Repeat the entire listing exactly. Omit all pictures.

Data section -
=== Begin Enclosure ===
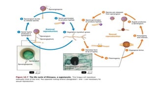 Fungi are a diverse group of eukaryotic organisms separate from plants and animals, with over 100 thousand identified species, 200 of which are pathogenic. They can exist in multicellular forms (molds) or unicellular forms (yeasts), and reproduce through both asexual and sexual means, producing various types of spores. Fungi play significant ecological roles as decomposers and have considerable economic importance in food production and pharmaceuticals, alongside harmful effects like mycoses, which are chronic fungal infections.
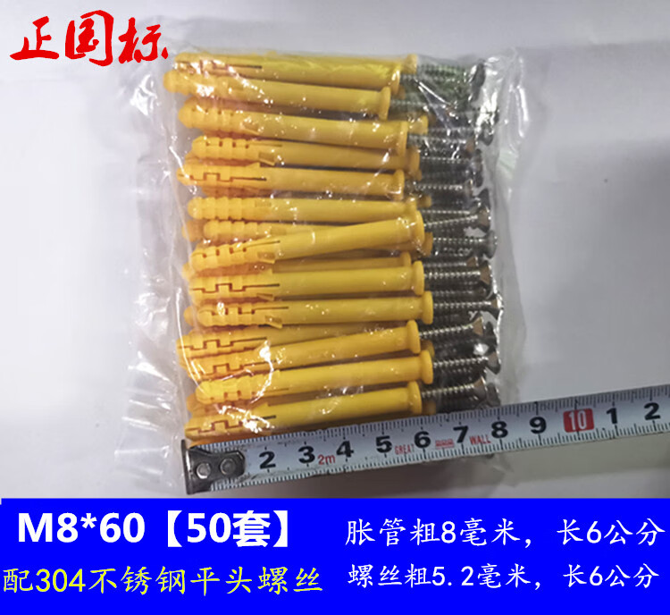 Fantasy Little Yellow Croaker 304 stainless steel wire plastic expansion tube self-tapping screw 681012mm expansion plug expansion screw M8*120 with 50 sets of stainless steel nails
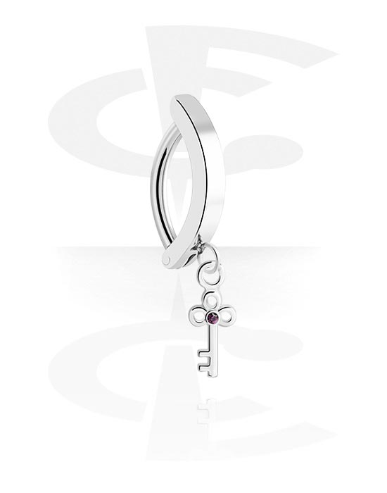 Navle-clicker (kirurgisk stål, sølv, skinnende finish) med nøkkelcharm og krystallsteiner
=== End Enclosure ===
Response area -
 Fungi are a diverse group of eukaryotic organisms separate from plants and animals, with over 100 thousand identified species, 200 of which are pathogenic. They can exist in multicellular forms (molds) or unicellular forms (yeasts), and reproduce through both asexual and sexual means, producing various types of spores. Fungi play significant ecological roles as decomposers and have considerable economic importance in food production and pharmaceuticals, alongside harmful effects like mycoses, which are chronic fungal infections.
 Fantasy Little Yellow Croaker 304 stainless steel wire plastic expansion tube self-tapping screw 681012mm expansion plug expansion screw M8*120 with 50 sets of stainless steel nails
 Navle-clicker (kirurgisk stål, sølv, skinnende finish) med nøkkelcharm og krystallsteiner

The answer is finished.